Reviewable status: all files reviewed, 15 unresolved discussions (waiting on @apolcyn, @markdroth, and @yihuazhang)
src/core/tsi/alts/handshaker/alts_handshaker_client.h, line 163 at r4 (raw file):
* - is_ok: a boolean value indicating if the handshaker response is ok to read. */ void alts_handshaker_client_handle_response_ensure_locked(
The _ensure_locked()
suffix isn't needed here. The fact that this acquires the lock is an implementation detail and shouldn't be leaked into the API.
src/core/tsi/alts/handshaker/alts_handshaker_client.cc, line 58 at r3 (raw file):
Previously, apolcyn wrote…
I think this still has some usefulness in that the
alts_handshaker_client_test
can pass a dummy object to it, which is used in thegrpc_cb
callbacks provided by the test.Without that, the
alts_handshaker_client_test
needs to go back to creating a dummyalts_tsi_handshaker
object to thealts_handshaker_client
objects it creates, just to have a valid argument in it's ALTS RPC callbacks. I'm not a huge fan of this but it seems to complement the injection of the callbacks from the tests
I am not suggesting that alts_grpc_handshaker_client_create()
should not continue to allow the caller to pass in the callback argument. What I am saying is that I don't see a reason to store that argument in this struct.
It doesn't look like this field is actually used anywhere except in alts_grpc_handshaker_client_create()
. We set this field from the parameter on line 523 and then use it on line 540 in the same function, and I don't see anywhere else that it gets used. So why bother storing it here?
Actually, same comment about the pre-existing grpc_cb
field -- it doesn't actually seem to be used anywhere outside of alts_grpc_handshaker_client_create()
. Do we actually need that field either?
Furthermore, since we're always just using these two arguments to create a closure, why not just have the caller pass in the closure in the first place? That should probably be done in a separte PR, though.
src/core/tsi/alts/handshaker/alts_handshaker_client.cc, line 283 at r3 (raw file):
Previously, apolcyn wrote…
Changed to return void.
Outside of some unit tests that supply with mocked versions of
grpc_caller
,grpc_caller
is alwayscall_start_batch_and_execute
.As far as I understand,
call_start_batch_and_execute
will always returnOK
unless we are misusing the API due to an internal programming error.
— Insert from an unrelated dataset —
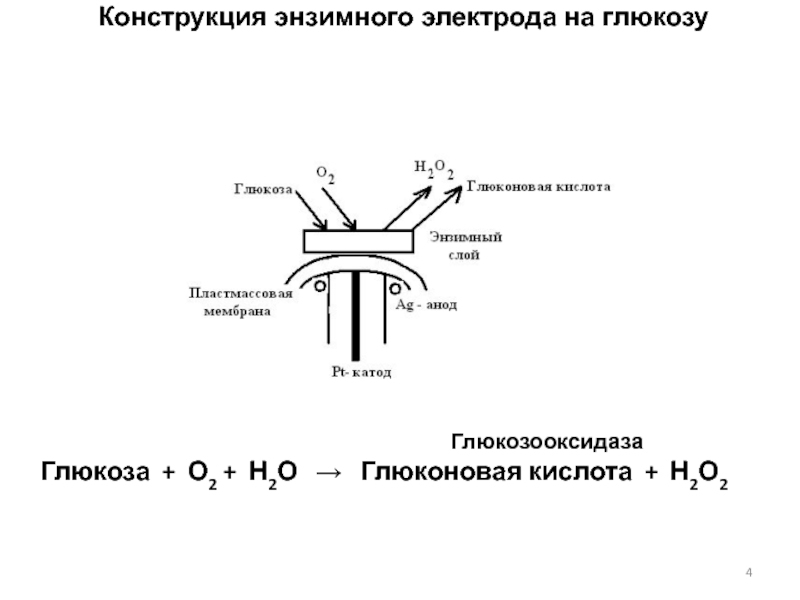 Слайд 4 Конструкция энзимного электрода на глюкозу
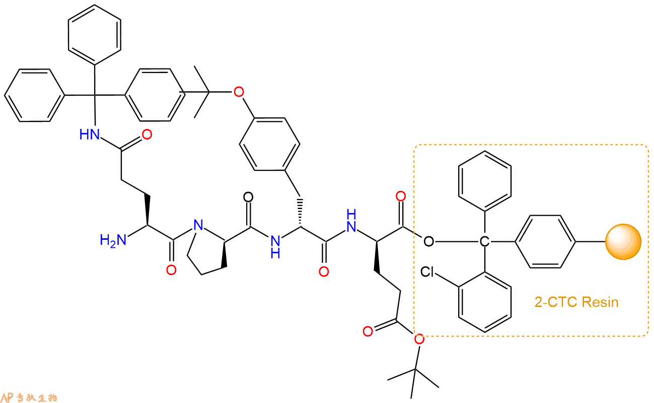 最后再经过步骤二得到 H2N-DGln(Trt)-DPro-DTyr(tBu)-DGlu(OtBu)-CTC Resin,结构如下:

So I figure it's better to crash than to continue with potential memory corruption.I checked elsewhere and it looks like all other
call_start_batch_and_execute
call sites are assertingcall_error == OK
, e.g. https://github.com/grpc/grpc/blob/master/src/core/ext/filters/client_channel/lb_policy/grpclb/grpclb.cc#L857
Historically, we've not been very good about avoiding assertions in grpc code, but we should be trying to avoid them whenver possible. I think that we should handle this by returning an error, just like the code was doing before this PR.
I'm not sure what you mean about memory corruption. Just because call_start_batch_and_execute()
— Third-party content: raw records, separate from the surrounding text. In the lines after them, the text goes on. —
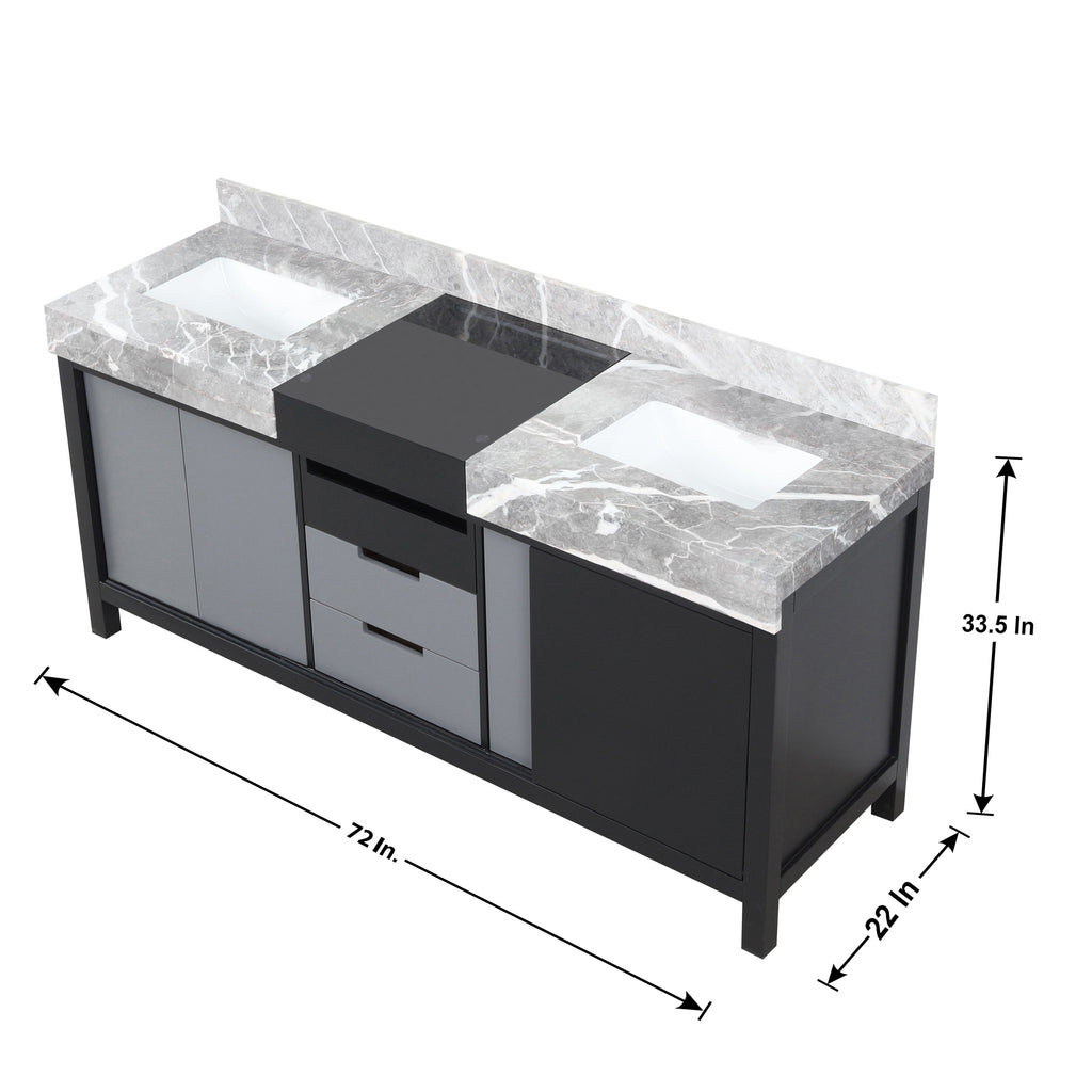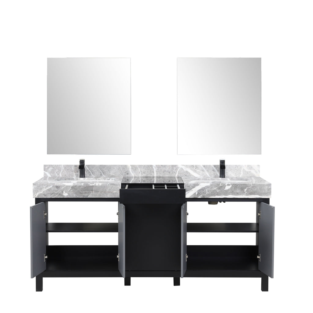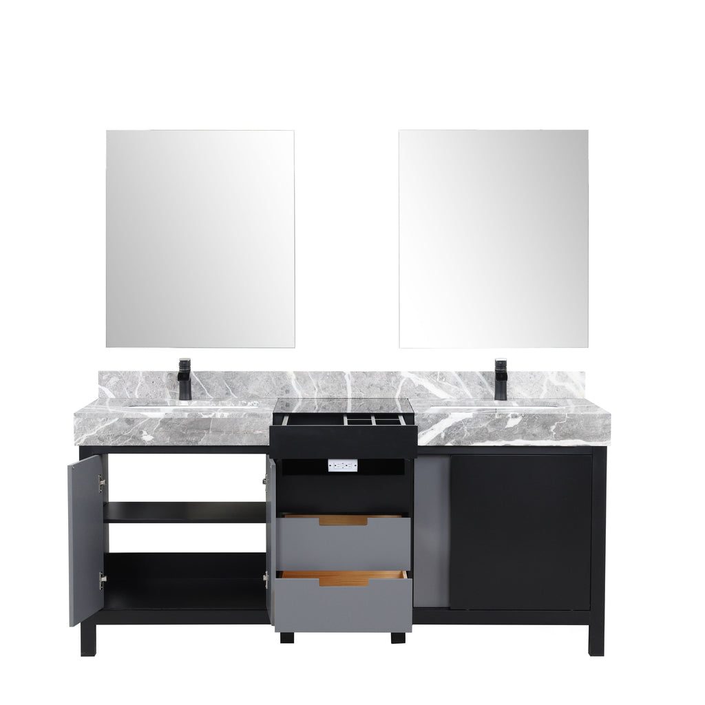 Lexora Zilara 72" Black and Grey Double Vanity, Castle Grey Marble Tops, White Square Sinks, Balzani Gun Metal Faucet Set, and 28" Frameless Mirrors - LZ342272DLISM28FBG
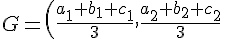 Si situamos el triángulo en unos ejes coordenados, es decir, cada punto tiene dos coordenadas A(a1,a2), B(b1,b2) y C(c1,c2) entonces el baricentro tiene por coordenadas:
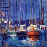 Pintura Escale de nuit dans le port de Vannes por Aliamus Béatrice  | Pintura Figurative Landscapes Marine Sport Oil
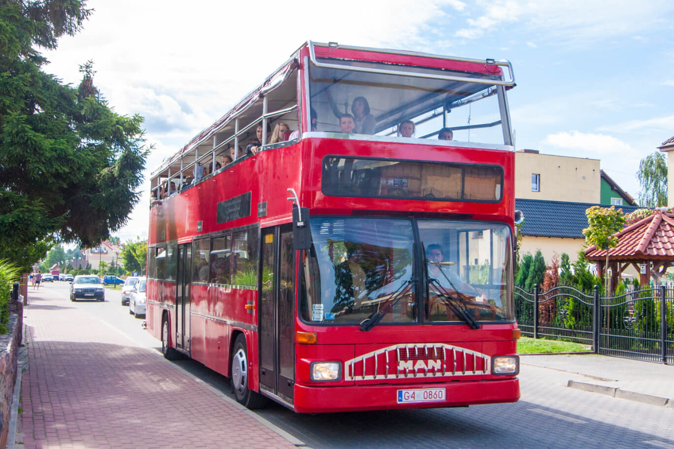 Autokar piętrowy własnego projektu stworzony w naszym warsztacie, górny pokład pozbawiony szyb, unikalny design sprawią niesamowitą frajdę a zwiedzanie pobliskich miejscowości na pewno pozostanie na długo w pamięci.>
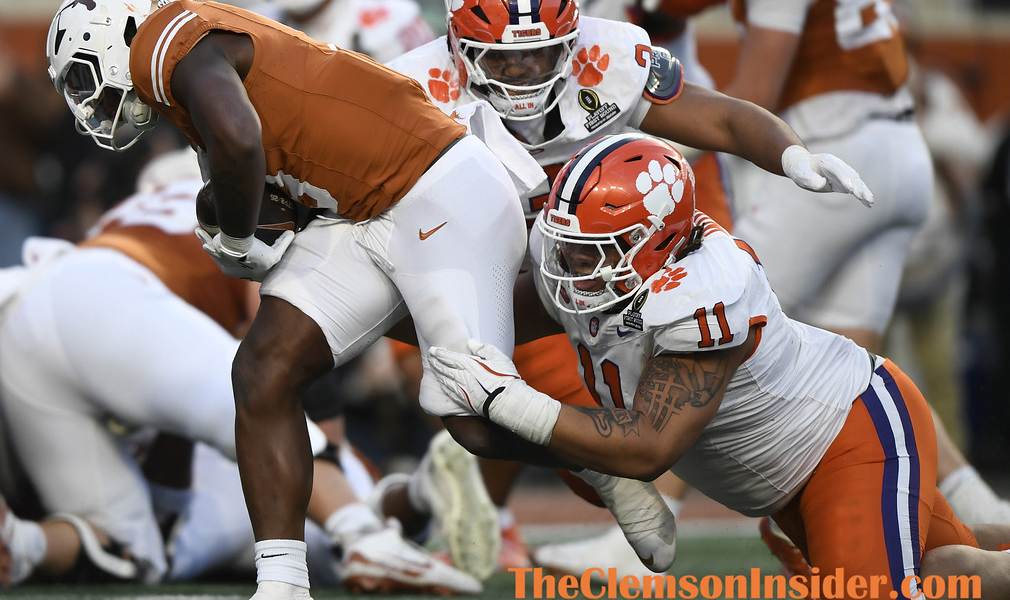 Clemson defensive lineman Peter Woods (11) and defensive end T.J. Parker (3) bring down Texas running back Jerrick Gibson (9) during the third quarter of the Tigers’ College Football Playoff game at Darrell K Royal Texas Memorial Stadium in Austin, Texas on December 21, 2024. (Bart Boatwright/The Clemson Insider)

fails does not mean that there is any memory corruption. For example, we could somehow accidentally start a send_message op while there's already a send_message op pending. This is certainly not something the operation can recover from, but returning an error from the operation seems better than crashing the entire process.
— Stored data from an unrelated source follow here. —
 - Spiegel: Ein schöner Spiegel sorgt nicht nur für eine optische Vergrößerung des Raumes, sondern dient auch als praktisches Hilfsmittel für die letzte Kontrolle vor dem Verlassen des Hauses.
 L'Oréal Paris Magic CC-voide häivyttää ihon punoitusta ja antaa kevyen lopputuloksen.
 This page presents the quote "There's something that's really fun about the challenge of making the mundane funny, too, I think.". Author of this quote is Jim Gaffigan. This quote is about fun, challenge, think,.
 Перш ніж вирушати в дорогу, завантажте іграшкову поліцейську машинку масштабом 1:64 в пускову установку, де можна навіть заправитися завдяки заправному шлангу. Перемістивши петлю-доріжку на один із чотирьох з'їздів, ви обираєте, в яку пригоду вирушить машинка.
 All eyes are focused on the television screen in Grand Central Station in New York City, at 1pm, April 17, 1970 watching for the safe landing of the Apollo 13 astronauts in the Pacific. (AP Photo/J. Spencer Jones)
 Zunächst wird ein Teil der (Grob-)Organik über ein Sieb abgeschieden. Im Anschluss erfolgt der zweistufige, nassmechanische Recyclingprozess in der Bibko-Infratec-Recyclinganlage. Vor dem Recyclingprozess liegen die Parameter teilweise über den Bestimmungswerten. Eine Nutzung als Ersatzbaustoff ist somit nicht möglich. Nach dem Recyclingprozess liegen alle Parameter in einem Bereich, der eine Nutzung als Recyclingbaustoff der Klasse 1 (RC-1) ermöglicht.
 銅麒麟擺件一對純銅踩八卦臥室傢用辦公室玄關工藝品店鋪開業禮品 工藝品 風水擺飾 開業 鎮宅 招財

src/core/tsi/alts/handshaker/alts_handshaker_client.cc, line 475 at r3 (raw file):
Previously, apolcyn wrote…
Sorry, I really just meant general risks of
ExecCtx
stacking (sincegrpc_call_unref
will create an innerExecCtx
).In short, I think that if
ExecCtx
stacking behavior was changed to schedule at the "root", e.g. if your comment in #20572 (comment) was implemented, then it would be safe to call this inline. Otherwise, theExecCtx
stacking risks re-entrant locking.
I think a better solution to this would be to have an internal version of grpc_call_unref()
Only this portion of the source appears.